Воробьев ему ответил:

– У нас издается партийная газета «Уральский рабочий» и советская – «Известия».

Николай II спросил:

– Партийную большевики издают?

– Да, большевики, – ответил редактор.

Царь задумался, а затем спросил:

– Нельзя ли мне получать эту газету?

Воробьев ответил:

– Можно, конечно. Вам нужно на нее подписаться и через коменданта будете ее получать. Дайте мне деньги, и я выпишу вам эту газету.

Царь спросил, сколько стоит подписка, и тут же в саду вручил необходимую сумму.

В первые майские дни Романовых навещал священник Екатеринбургского собора Сторожев. В доме Ипатьева он для них по церковным праздникам устраивал службы, на которых Николай II и Александра Федоровна часами молились за Россию и русский народ, за своих детей и их здоровье, чтобы быстрее всем им опять быть вместе.

Вечерами Александра Федоровна и Мария занимались рукоделием, а Николай II читал им вслух своего любимого писателя Тургенева «Записки охотника». Ровный и спокойный его голос оказывал чарующее влияние на супругу и дочь. В такое время на бледном лице императрицы появлялась добрая, прекрасная улыбка, а громадные ее глаза светились радостным светом, и в такой миг Марии казалось, что страшной драмы, того ужаса, в которой вверглась их родная и великая страна, не существует и находятся они не под арестом в доме Ипатьева, а в любимом ими всеми Царском Селе, в Александровском дворце, ставшем резиденцией их семьи после революции 1905 года.

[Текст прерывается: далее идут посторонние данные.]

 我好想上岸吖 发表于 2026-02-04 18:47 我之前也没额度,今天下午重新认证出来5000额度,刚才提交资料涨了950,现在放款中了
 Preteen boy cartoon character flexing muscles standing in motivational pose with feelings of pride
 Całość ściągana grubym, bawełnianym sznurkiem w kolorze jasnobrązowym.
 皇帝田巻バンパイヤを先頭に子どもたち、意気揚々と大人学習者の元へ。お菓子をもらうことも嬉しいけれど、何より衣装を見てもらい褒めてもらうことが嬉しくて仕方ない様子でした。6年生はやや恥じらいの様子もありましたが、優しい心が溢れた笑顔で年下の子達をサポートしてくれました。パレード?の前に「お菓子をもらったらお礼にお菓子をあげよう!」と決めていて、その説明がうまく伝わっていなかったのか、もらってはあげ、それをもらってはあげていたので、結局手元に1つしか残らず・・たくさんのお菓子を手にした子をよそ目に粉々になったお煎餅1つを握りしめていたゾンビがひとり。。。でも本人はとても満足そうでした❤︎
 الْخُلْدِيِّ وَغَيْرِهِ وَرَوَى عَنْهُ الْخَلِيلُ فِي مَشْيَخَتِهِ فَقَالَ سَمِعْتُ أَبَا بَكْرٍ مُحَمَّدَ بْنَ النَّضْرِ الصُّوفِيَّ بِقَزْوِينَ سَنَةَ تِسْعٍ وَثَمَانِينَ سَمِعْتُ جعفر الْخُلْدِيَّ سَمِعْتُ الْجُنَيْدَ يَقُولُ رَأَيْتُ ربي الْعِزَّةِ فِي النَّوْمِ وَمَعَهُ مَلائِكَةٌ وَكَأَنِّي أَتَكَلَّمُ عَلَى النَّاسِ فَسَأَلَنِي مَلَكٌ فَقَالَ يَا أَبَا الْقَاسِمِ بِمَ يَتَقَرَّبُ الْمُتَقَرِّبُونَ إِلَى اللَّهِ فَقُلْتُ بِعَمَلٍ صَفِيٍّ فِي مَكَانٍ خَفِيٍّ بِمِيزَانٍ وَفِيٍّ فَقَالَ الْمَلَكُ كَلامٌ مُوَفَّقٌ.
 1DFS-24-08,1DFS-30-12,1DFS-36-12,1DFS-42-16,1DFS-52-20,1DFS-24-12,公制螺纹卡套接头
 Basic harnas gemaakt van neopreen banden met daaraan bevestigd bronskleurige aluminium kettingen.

Здесь, в доме Ипатьева, Романовы из какой-то случайно попавшей к ним газеты узнали об аресте старшей сестры императрицы Елизаветы Федоровны. Муж ее – московский губернатор, великий князь Сергей Александрович был убит 4 февраля 1905 года эсером И.П. Каляевым. Во время судебного процесса над «бомбистами» она просила суд снисходительно отнестись к убийцам мужа. Затем, занявшись благотворительной деятельностью, она основала Марфо-Мариинскую обитель милосердия в Москве и стала ее настоятельницей. Чекисты арестовали великую княгиню в апреле 1918 года и отправили ее в Пермь, а оттуда в Алапаевск.

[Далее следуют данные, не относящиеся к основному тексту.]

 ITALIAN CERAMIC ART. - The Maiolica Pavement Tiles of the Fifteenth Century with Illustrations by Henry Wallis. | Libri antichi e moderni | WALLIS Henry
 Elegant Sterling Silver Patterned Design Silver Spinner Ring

Перед самой Пасхой в дом Ипатьева на имя Марии Романовой, крестницы Елизаветы Федоровны, прибыла от нее маленькая посылка и коротенькая почтовая карточка с поздравлениями с Великим праздником. В посылочке находились яйца, шоколад и кофе. Все они несказанно обрадовались письменной связи с Елизаветой Федоровной и ее подарку, а главное узнали, что она жива, здорова и находится рядом в Перми. Особенно кстати оказался кофе. В мешке при отъезде из Тобольска они забыли взять его с собой, а он так помогал Александре Федоровне при ее частых головных болях. Поэтому она с таким удовольствием выпила первую чашку кофе и улыбнулась. Кофе был очень вкусный. А затем втроем они долго говорили, вспоминали об Елизавете Федоровне, молили Бога хранить эту бедную женщину, перенесшую уже так много горького в своей жизни.

На следующий день Мария села за письменный стол и на почтовой карточке с царскими гербами поздравила Елизавету Федоровну с Пасхой и поблагодарила за посылку. Далее она писала:


«Очень грустим за тебя. Странно, что мы оказались в одной губернии с тобой и моим крестным. Надеемся, что ты можешь провести лето где-нибудь за городом, в Верхотурье, или каком-нибудь монастыре. Очень грустим без церкви. Мой адрес: Екатеринбург, Областной исполнительный комитет (председателю) для передачи мне. Храни Тебя Бог! Любящая тебя крестница».


Письмо это крестная Марии, великая княгиня Елизавета Федоровна, к сожалению, не получила. По каким-то цензурным соображениям председатель Уральского совета Белобородов не разрешил его отправить адресату, и оно многие десятилетия пылилось среди разных бумаг в архиве.

А в это время, когда царь и его домочадцы только начали обживать дом Ипатьева, видные царские сановники из правого лагеря предприняли попытку спасти царскую семью от нависшей над ней смертельной опасности. Они решили использовать для этого немецкого посла Мирбаха.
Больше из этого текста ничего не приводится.